Bottom line: Tencent’s latest plan to invest $1 billion in Meituan-Dianping looks like an awkward bid for control of the newly merged company, which could attract a rival bid from Alibaba.
Social networking giant Tencent (HKEx: 700) has never been very good at public relations, unlike slicker Internet rivals Alibaba (NYSE: BABA) and Baidu (Nasdaq: BIDU), whose founders are much better at wooing the media and investors. That refrain is ringing true once again with the latest mega-investment headlines, which appear to show Tencent making an awkward bid for the newly formed group buying giant created by the merger between former rivals Dianping and Meituan.
In fact, Tencent isn’t really bidding for the new company outright, but appears to be voicing its future intent by offering the merged company $1 billion in new funding. Such a funding would boost Tencent’s current equity in the merged company, in which it already holds a stake following its purchase of 20 percent of Dianping last year for $400 million. Such a bid would seem like a direct challenge to Alibaba, which also holds a relatively large stake in the newly merged company through its participation in a $300 million funding round for Meituan last year.
If all this sounds a bit confusing, that’s because the recently announced mega-merger between Dianping and Meituan is a bit of a mess itself. The pair were bitter rivals that each raised about $800 million in separate fundings over the last year in their fierce fight for market share. Meituan was reportedly in the midst of raising another $1 billion or more in the last few months, when the pair suddenly announced their merger last month. Observers said the sudden shift was prompted by both companies’ need for cash due to their fierce competition, and the fact that investors didn’t want to give the pair anymore money at the valuations they were seeking.
Against that backdrop, it’s not surprising to read that the new company still needs cash, though it’s somewhat unexpected that Tencent is stepping up to provide most or all of the funds. According to the latest reports, Tencent is close a final deal to invest the $1 billion, which would give the new Meituan-Dianping a valuation of about $20 billion. (English article; Chinese article)The reports add that Tencent’s investment could be part of a larger funding round that sees Meituan-Dianping ultimately raise as much as $3 billion.
At the $20 billion valuation, the investment would presumably buy Tencent another 5 percent of the merged company. Presuming it already owns about 10 percent of Meituan-Dianping through its previous investment, that would bring its total stake in the merged company to about 15 percent, probably making it the largest individual stakeholder.

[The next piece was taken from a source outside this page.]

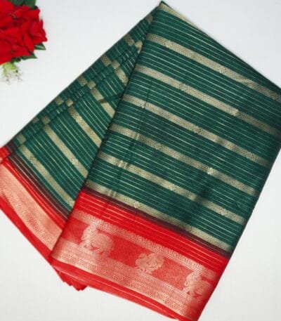 Shringar Silk With Gap Border-MB235Dark green To Red)

The latest reports don’t mention Alibaba at all, and it appears that Tencent is making the investment without consulting China’s e-commerce leader.
While 15 percent certainly isn’t anything close to total control, Tencent’s move certainly seems to indicate it wants to become Meituan-Dianping’s major strategic partner, even if it doesn’t try to acquire the company outright. Such an arrangement would be similar to Tencent’s deal last year with Alibaba rival JD.com (Nasdaq: JD). That deal saw JD sell 15 percent of itself to Tencent, which went on to make JD the preferred e-commerce company on its wildly popular WeChat instant messaging service.
This latest awkward bid by Tencent looks similar to a privatization bid it made in August for eLong (Nasdaq: LONG), a former leader in China’s online travel space that has fallen on hard times in recent years. In that instance, Tencent launched its privatization drive, even though eLong’s largest stakeholder was already sector leader Ctrip (Nasdaq: CTRP). (previous post) It later became clear that Tencent launched its bid without consulting Ctrip, though Ctrip quickly said it believed the pair could work together.
All of this brings us back to the issue of how Alibaba is likely to respond to Tencent’s clumsy attempt to win control over Meituan-Dianping. Alibaba chief Jack Ma is quite an aggressive person and wants to build up his own empire in the online-to-offline (O2O) services space, which is where Meituan-Dianping is a clear leader. Accordingly, I doubt he will just sit back and let Tencent become the company’s exclusive strategic partner. If that’s the case, we could soon see some fireworks from China’s 2 largest Internet companies, as each attempts to exert control over the nation’s new group buying leader.